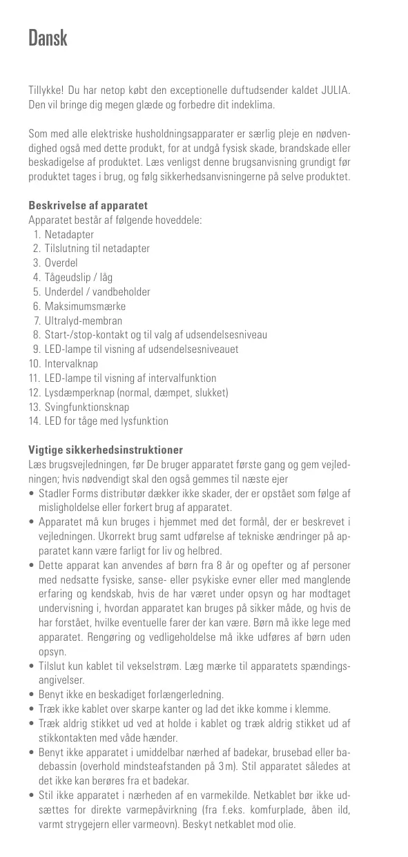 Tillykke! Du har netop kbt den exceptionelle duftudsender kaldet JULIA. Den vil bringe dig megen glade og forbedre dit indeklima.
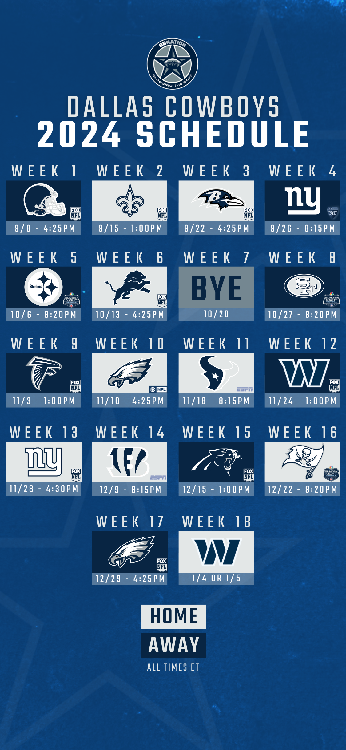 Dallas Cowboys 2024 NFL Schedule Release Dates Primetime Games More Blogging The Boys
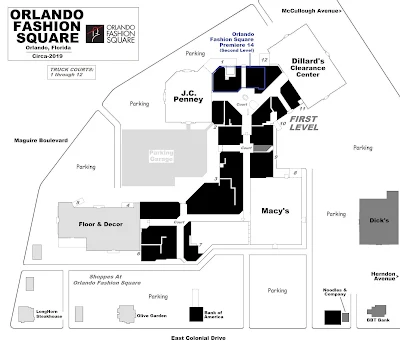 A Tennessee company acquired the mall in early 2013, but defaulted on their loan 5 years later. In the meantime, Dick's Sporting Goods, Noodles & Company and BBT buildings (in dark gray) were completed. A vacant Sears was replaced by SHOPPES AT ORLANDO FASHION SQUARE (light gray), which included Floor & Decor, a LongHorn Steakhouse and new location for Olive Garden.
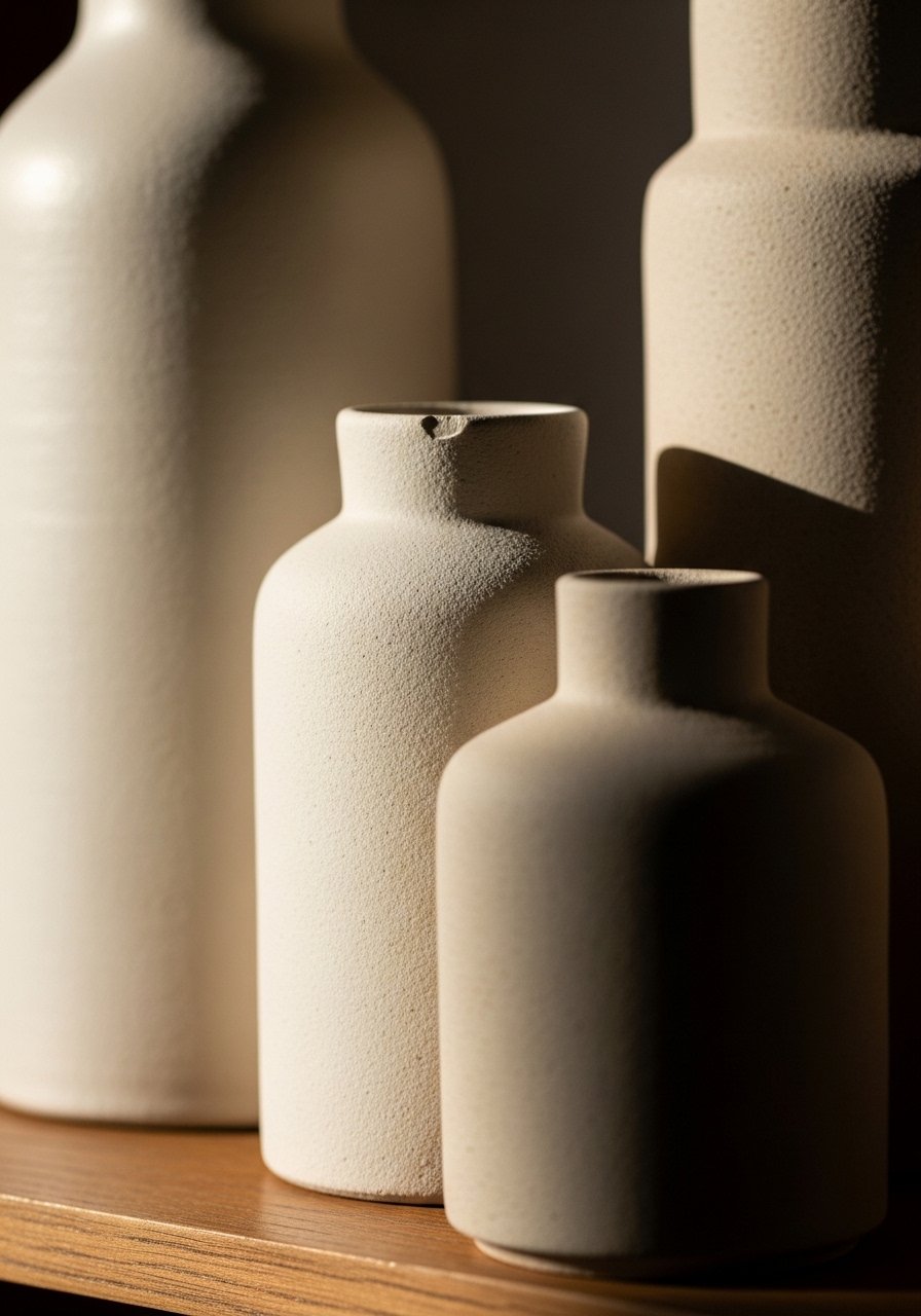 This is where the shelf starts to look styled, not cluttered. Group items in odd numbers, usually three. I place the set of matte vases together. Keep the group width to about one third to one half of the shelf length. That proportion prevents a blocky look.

#####

_The problem_
Begin at the line containing "A Tennessee company" and stop at the last line of the data. Repeat only those lines, exactly, and leave out the pictures.

_Solution below_
 A Tennessee company acquired the mall in early 2013, but defaulted on their loan 5 years later. In the meantime, Dick's Sporting Goods, Noodles & Company and BBT buildings (in dark gray) were completed. A vacant Sears was replaced by SHOPPES AT ORLANDO FASHION SQUARE (light gray), which included Floor & Decor, a LongHorn Steakhouse and new location for Olive Garden.
 This is where the shelf starts to look styled, not cluttered. Group items in odd numbers, usually three. I place the set of matte vases together. Keep the group width to about one third to one half of the shelf length. That proportion prevents a blocky look.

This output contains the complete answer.